This Week’s New Releases & Staff Picks – 2/8/2019
STAFF PICKS
Kimber – Bob Mould
Lindsay – Cass McCombs, Rustin Man
Dario – Jessica Pratt, Michael Chapman
Paula – Jessica Pratt
JUST ANNOUNCED PRE-ORDERS
Iron & Wine – Our Endless Numbered Days (pre-order)
The Mountain Goats – In League With Dragons (pre-order)
Better Oblivion Community Center – ST (pre-order)
Jenny Lewis – On The Line (pre-order)
Ty Segall – Deforming Lobes (pre-order)
Pinegrove – Skylight (pre-order)
Homeshake – Helium (pre-order)
THIS WEEK’S NEW RELEASES
Galactic – Already Ready Already CD (Tchoup-Zilla Records)

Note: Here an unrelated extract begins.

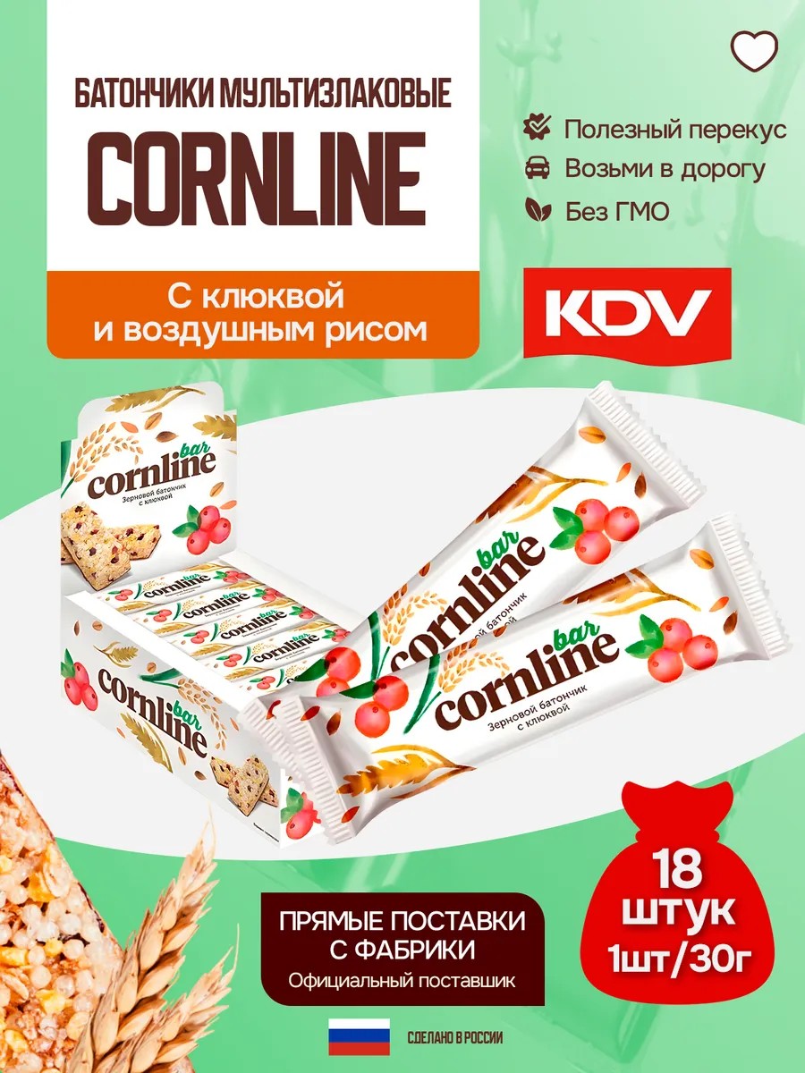 Батончик из злаков Cornline с клюкв и возд рисом 18ш по 30г

Galactic’s first new studio album in more than three years, Already Ready Already sees the renowned New Orleans-based instrumental outfit taking a distinctly contemporary approach toward their own progressive sound, interpolating modern rhythms and electronic instrumentation within the house-shaking framework of Crescent City funk pop ‘n’ roll. Produced by the band’s Robert Mercurio and Ben Ellman, the new LP finds Galactic once again enlisting a diverse array of vocal collaborators to assist in their musical exploration, each of whom lend lyrical flavor and individualistic personality to the band’s multi-faceted sonic grooves. Bookended by a high-powered pair of trademark Galactic instrumentals that give the album its title. The album is a short, sharp blast of undeniable creative muscle, from the stripped-down kick/snap verses of “Going Straight Crazy”, featuring New Orleans singer (and YouTube sensation) Princess Shaw, to punk cabaret artist Boyfriend’s quirky speed-rap on the breakneck “Dance At My Funeral”. As ever, Galactic’s omnivorous musical interests make easy classification difficult – Already Ready Already is as all-encompassing and universal as the band’s moniker established long ago.

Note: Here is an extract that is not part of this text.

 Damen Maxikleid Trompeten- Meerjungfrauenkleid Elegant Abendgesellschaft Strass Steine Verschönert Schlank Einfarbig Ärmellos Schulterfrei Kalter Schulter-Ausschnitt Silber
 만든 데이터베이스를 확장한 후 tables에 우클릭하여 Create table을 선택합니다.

Few artists are better prepared to confront the confusion of life in 2019 than L.A.-based band Health. With their new album, Vol. 4: Slaves Of Fear, the trio has not only made the heaviest, most genre-obliterating record of its career; they’ve documented just how frightening it feels to be alive right now. From the sample-triggered thrash metal of “The Message” and “God Botherer”, to the bone-scraping sub-bass of “Feel Nothing”, and “Black Static”, this is Health at their most lacerating. With Lars Stalfors, they’ve upended their sound palette for our post-everything era: “NC-17” feels like Arabic bass music dragged through hell; “Rat Wars” groans with derelict, slow-rolling L.A. funk. In the lyrics, singer Jake Duzsik confronts death, isolation and hopelessness with an uncommon candor and intimacy. Album closer, “Decimation”, is the most radical move in the band’s catalog to date: a gorgeous guitar ballad, a plea for purpose and meaning in a time that makes both feel impossible.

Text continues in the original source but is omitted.